What is the loneliest jobs in the world ?
What is the loneliest jobs in the world ?
In this day and age, lighthouses are mostly just picturesque relics of the past, but without them, you ran the risk of death just for sailing at night. Gabo Island is one place where a lighthouse is still kept in working order. Gabo Island is off the coast of Australia and is surrounded by dangerous, choppy waters because everything in Australia is obligated to be lethal somehow. For the past decade, Leo Op Den Brouw, a former plumber, has been the caretaker. Other than the occasional tourist (the island can accommodate up to eight guests at a time), Op Den Brouw is usually completely alone on the island and remembers his longest stretch in solitude as lasting 21 days. His only company: the island's 30,000 penguins. Don't worry, though. According Op Den Brouw, when he gets uncomfortable, he just looks at the island's scenery, which sounds like an inspirational quote you'd find on a friend's facebook feed.
As for what Op Den Brouw does with all of this time, it is split between doing standard maintenance and trying to find activities to stave away boredom. His duties include watching for weather reports, keeping up the island's airstrip and three residences, looking over the power supplies, and mowing the island's grass, which he claims is his most time-consuming task. If you think all of these duties would leave him with no free time, you'd be wrong. His had enough time to read The Lord of the Rings books dozens of times and learn numerous hobbies, such as carving driftwood sculptures—which, knowing his circumstances, are probably the only things keeping him from going absolutely insane.
The Sirius Dog Patrol
The Sirius Dog Patrol is probably the world's most difficult job. Imagine you and buddy trying to monitor 60,000 square miles of ice cold land with nothing but a dog sled team to transport you. That is what the Sirius Dog Patrol is responsible for.

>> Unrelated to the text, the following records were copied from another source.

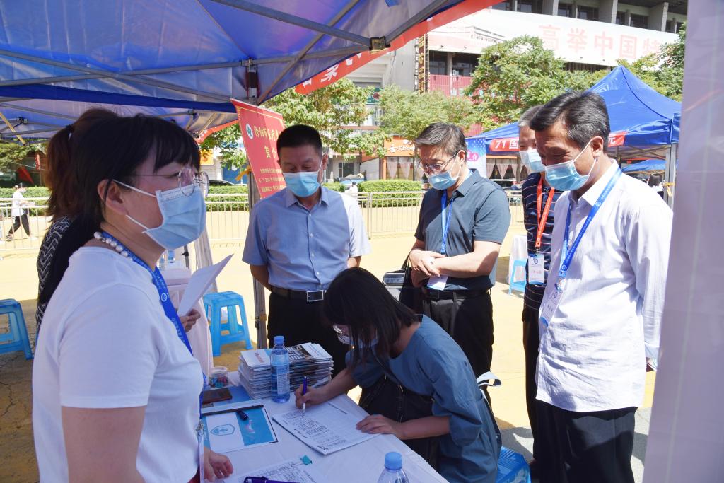 校党委书记闫敬来,党委委员、副院长韩宝森走进双选会现场,详细了解招聘单位的行业分布和用人需求情况,并与用人单位和学生进行了深入交流。各教学系部党总支书记、主任、党总支副书记、副主任,学生工作部(处)、教务处、保卫处等相关部门负责同志,毕业班辅导员(班主任)全程参与。
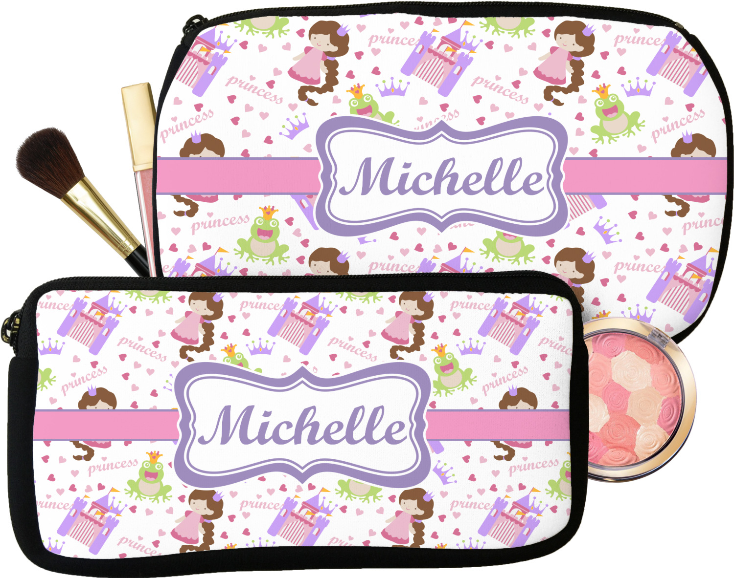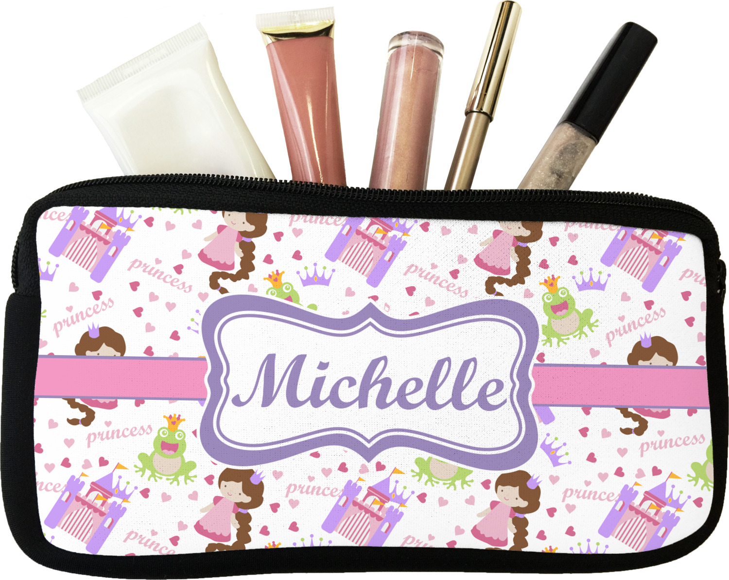 Our personalized makeup bags are available in many different designs, patterns and colors - so you are sure to find one that will love. They are made of neoprene (same material as wet-suits) and thus are water resistant, so spillages in your makeup bag will not end up all over you purse. They are customized on one side and are black on the other side and the zipper is black as well.
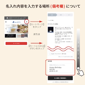 ※名入れ加工をご希望の場合、名入れイメージの確認を「希望する」を選択されますと、制作OKのご返信をいただてからの制作・発送となりますので、ご連絡のタイミングによっては発送が1~2日遅くなることもあります。ご了承ください。
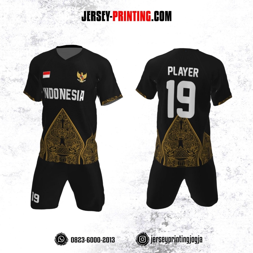 Jersey Futsal Hitam Corak Gunungan Wayang Gold
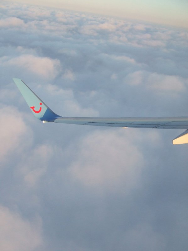 Kurvenflug im Morgenrot in einer Boeing 737-800 der Hapagfly auf dem Weg nach Berlin-Tegel am 25.09.2008.
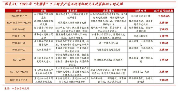从危机演进过程看,参考1929年大萧条,危机不是一蹴而就的,而是经历了全球资产泡沫逐级爆破的五大阶段。每个阶段之间,政策的抵抗和投资者对短期因素的放大,都造就了平均近30%的五轮季度级别的大反弹,而每轮反弹之后,伴随经济基本面的进一步恶化和新风险的引爆都会造成新一波更猛烈的下跌。
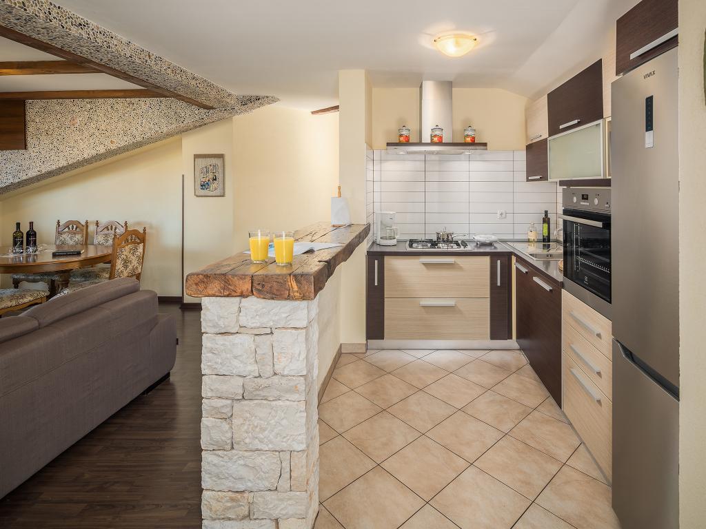 To je bil naš prvi dopust na Hrvaškem in v tujini nasploh. Našli smo res odličen kraj in istega gostitelja, Almirja, ki nas je sprejel z bosanskim pivom in dobrimi nasveti o lokalni gastronomiji, Poreču in krajih, ki jih je treba obiskati v Istri. Na apartma nismo imeli nobenih pripomb, prenovljen, vse novo in nepoškodovano, polna kuhinja, kuhinja, mikrovalovna pečica, lepa velika terasa, klima, velik TV, dober wifi. Almir je bil vedno v pomoč in večkrat sva imela dolge klepete. Vsak dan je spraševal, če je vse v redu, in želel zamenjati naše brisače. Na njegovo priporočilo smo se odpravili v lokalno vinotoč, kjer smo po degustaciji kupili zalogo vina in rakije. Hiša je na ne preveč prometni ulici, 5 minut hoje do plaž. 100 % se bomo vrnili. Hvala!
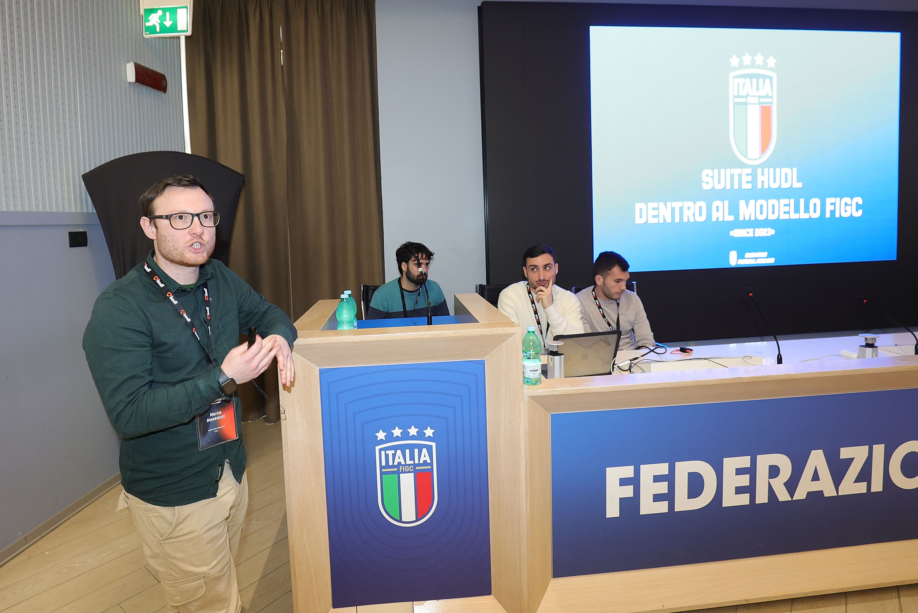 Un momento centrale della giornata è stato dedicato alla Federazione Italiana Giuoco Calcio e al suo utilizzo della Hudl Pro Suite nel supportare il lavoro dei suoi team nazionali. Marco Mannucci (Nazionale Maschile), Guido Didona (Nazionale Femminile) e Gianluca Mazziotti (Under 21) hanno condiviso esempi pratici e approfondimenti su come integrano la tecnologia nei rispettivi processi di analisi.

Technically, this part of Greenland is controlled by Denmark, and it's a valuable property to have since it has some of the largest oil reserves in the world. So to keep their claim over this barren wasteland, Denmark dispatches the Sirius Dog Patrol to protect its sovereignty. The patrol consists of twelve men from the Denmark Royal Navy who split to form teams of six, and they are solely responsible for this area, which is three times the size of Denmark itself.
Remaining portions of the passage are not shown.